So I downloaded some data from a database which conveniently has a sequential ID column. I saved the max ID for each table I am querying to a small text file which I read into memory (max_ids dataframe).
I was trying to create a query where I would say give me all of the data where the Idcol > max_id for that table. I was getting errors that Series are mutable so I could not use them in a parameter. The code below ended up working but it was literally just a guess and check process. I turned it into an int and then a string which basically extracted the actual value from the dataframe.

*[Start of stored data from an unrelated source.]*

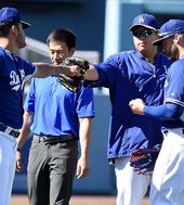 2015.04.28 08: 54류현진,'동료들과 즐거운 대화'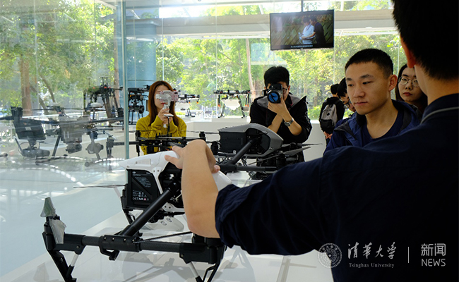 在大疆创新,招聘专员苏一帆带领支队成员参观了解了公司各代无人机的发展历程,观看了无人机的室内飞行展示。大疆创新专注于无人机系统、手持影像系统与机器人教育领域。支队成员看到,大疆无人机的飞行操作不但可以通过遥控控制,还可以通过人体动作控制无人机的起飞、降落、盘旋,甚至航拍。工作人员讲解道:“实现人体动作识别操控可以极大降低无人机操作的专业性要求,使每个人都能在室内室外轻松操作无人机。”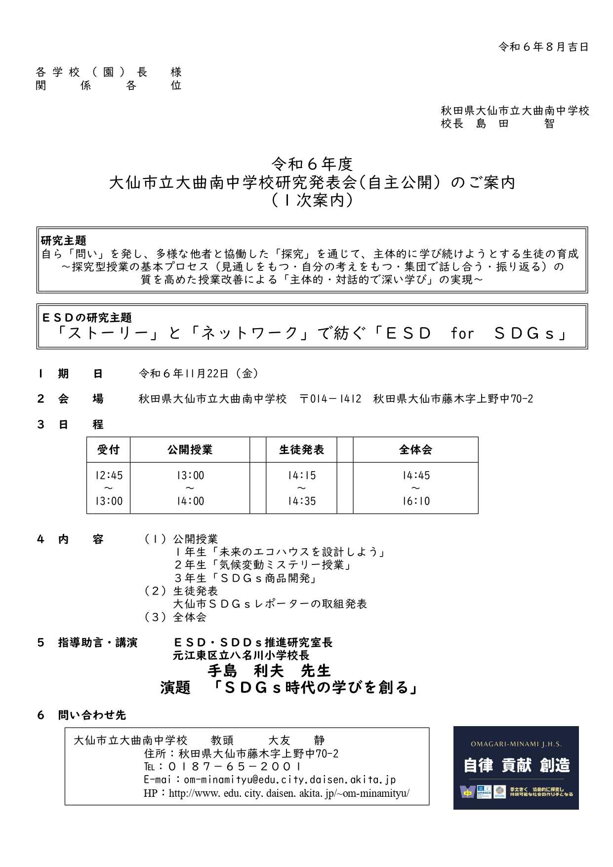 大曲南中学校で研究発表会(自主公開)が開催されます!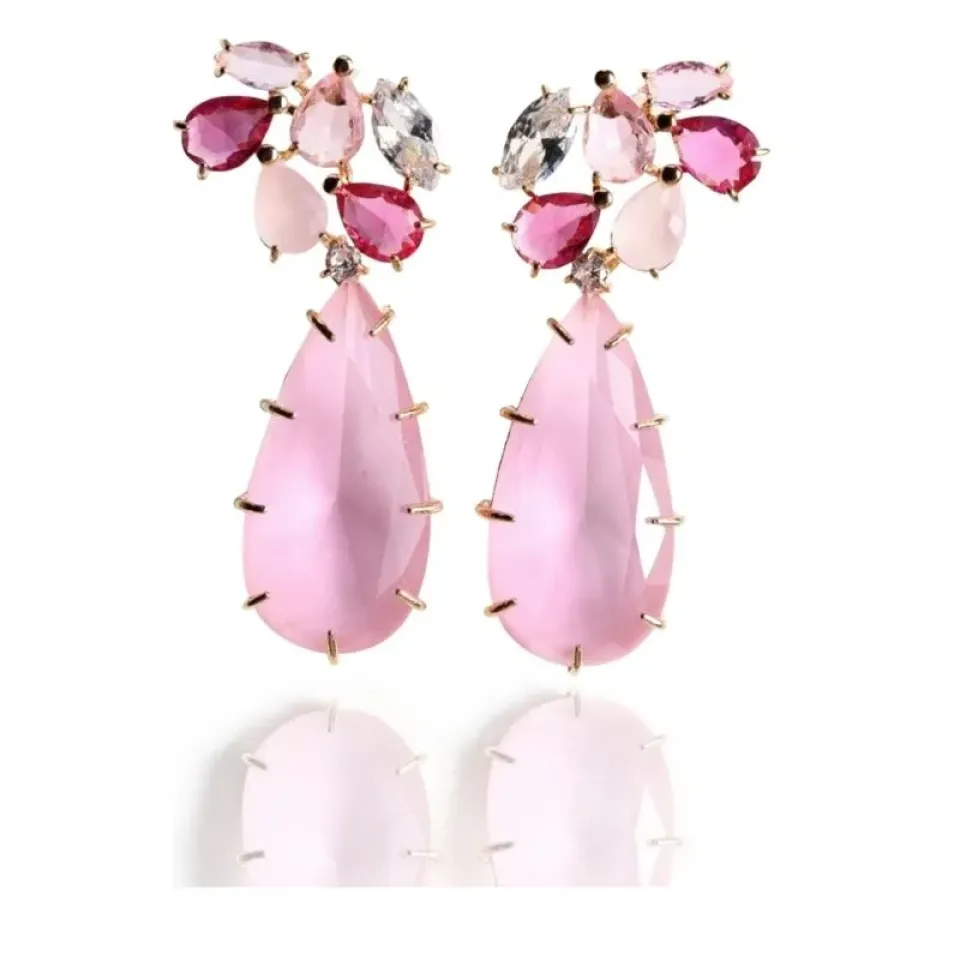 Brinco festa gotas rosa e fúcsia e navetes cristais e rosa, gota rosa pendurada
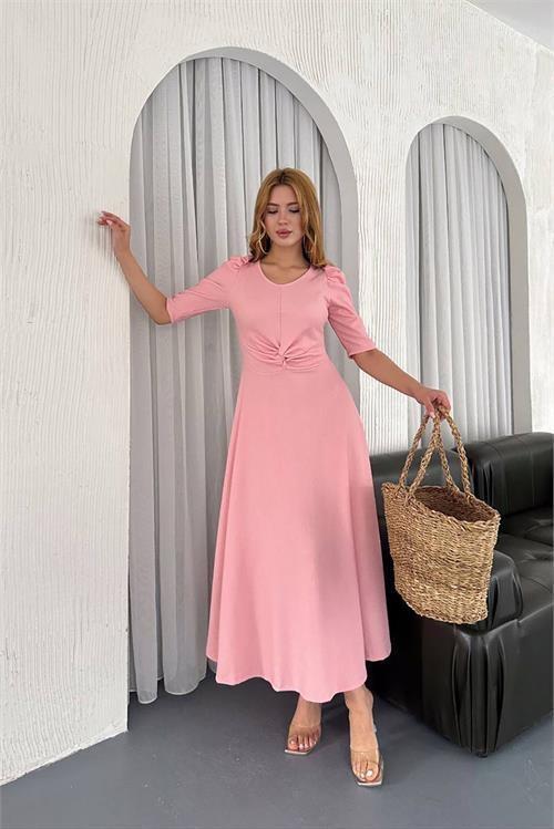 kadın bisiklet yaka midi boy likralı elbise DPK4154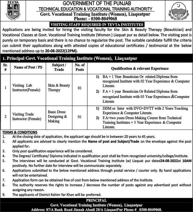 - Govt Vocational Training Institute for Women Liaquatpur, Technical Education & Vocational Training Authority TEVTA Rahim Yar Khan, rahim yar khan Punjab Pakistan invites applications from eligible candidates for the post of visiting trade instructor and visiting lab instructor as per advertisement of August 7, 2022 published in daily Express Newspaper. Bachelor, Others, Intermediate and BA etc. educational qualification will be preferred.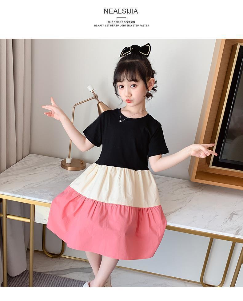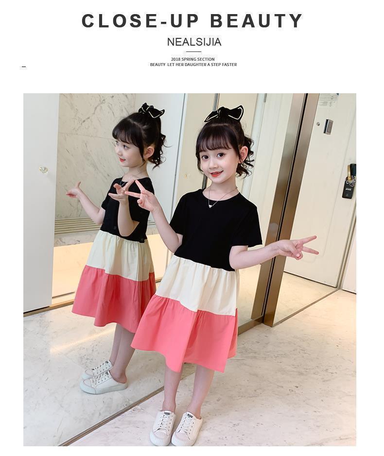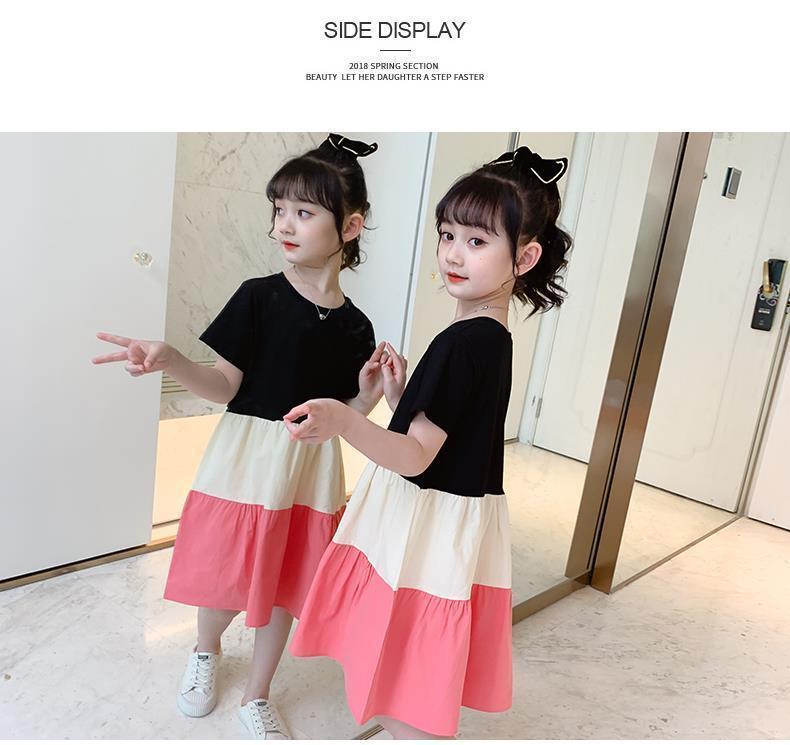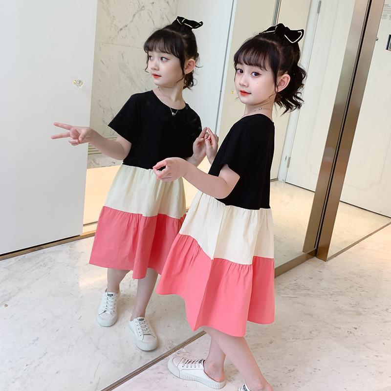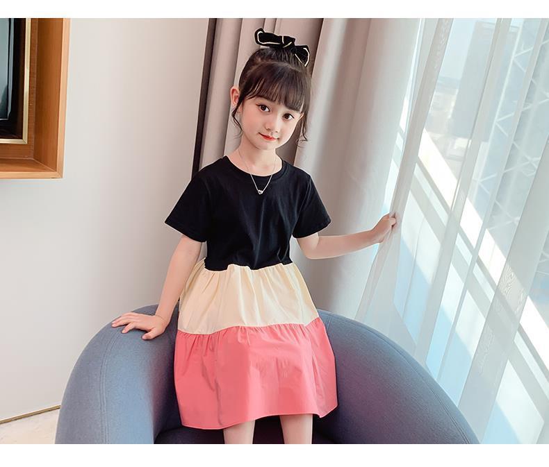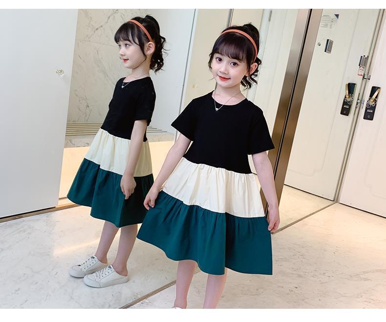 Vestido de Menina 2024 Novo Verão Saia Emendada Vestido de Verão Infantil Grande Moda Fada Manga Curta Vestido de Princesa para Meninas Moderno

Is this the correct way to accomplish what I am trying to do before I replicate this for about 32 different tables? I want to always be able to grab only the latest data from these tables which I am then doing stuff to in pandas and eventually consolidating and exporting to another database.
df= pd.read_sql_query('SELECT * FROM table WHERE Idcol > %s;', engine, params={'max_id', str(int(max_ids['table_max']))})
Can I also make the table name more dynamic as well? I need to go through a list of tables. The database is MS SQL and I am using pymssql and sqlalchemy.
Here is an example of where I ran max_ids['table_max']:
Out[11]:
0 1900564174
Name: max_id, dtype: int64
assuming that your max_ids DF looks as following:
In [24]: max_ids
Out[24]:
table table_max
0 tab_a 33333
1 tab_b 555555
2 tab_c 66666666
you can do it this way:
qry = 'SELECT * FROM {} WHERE Idcol > :max_id'
for i, r in max_ids.iterrows():
print('Executing: [%s], max_id: %s' %(qry.format(r['table']), r['table_max']))
pd.read_sql_query(qry.format(r['table']), engine, params={'max_id': r['table_max']})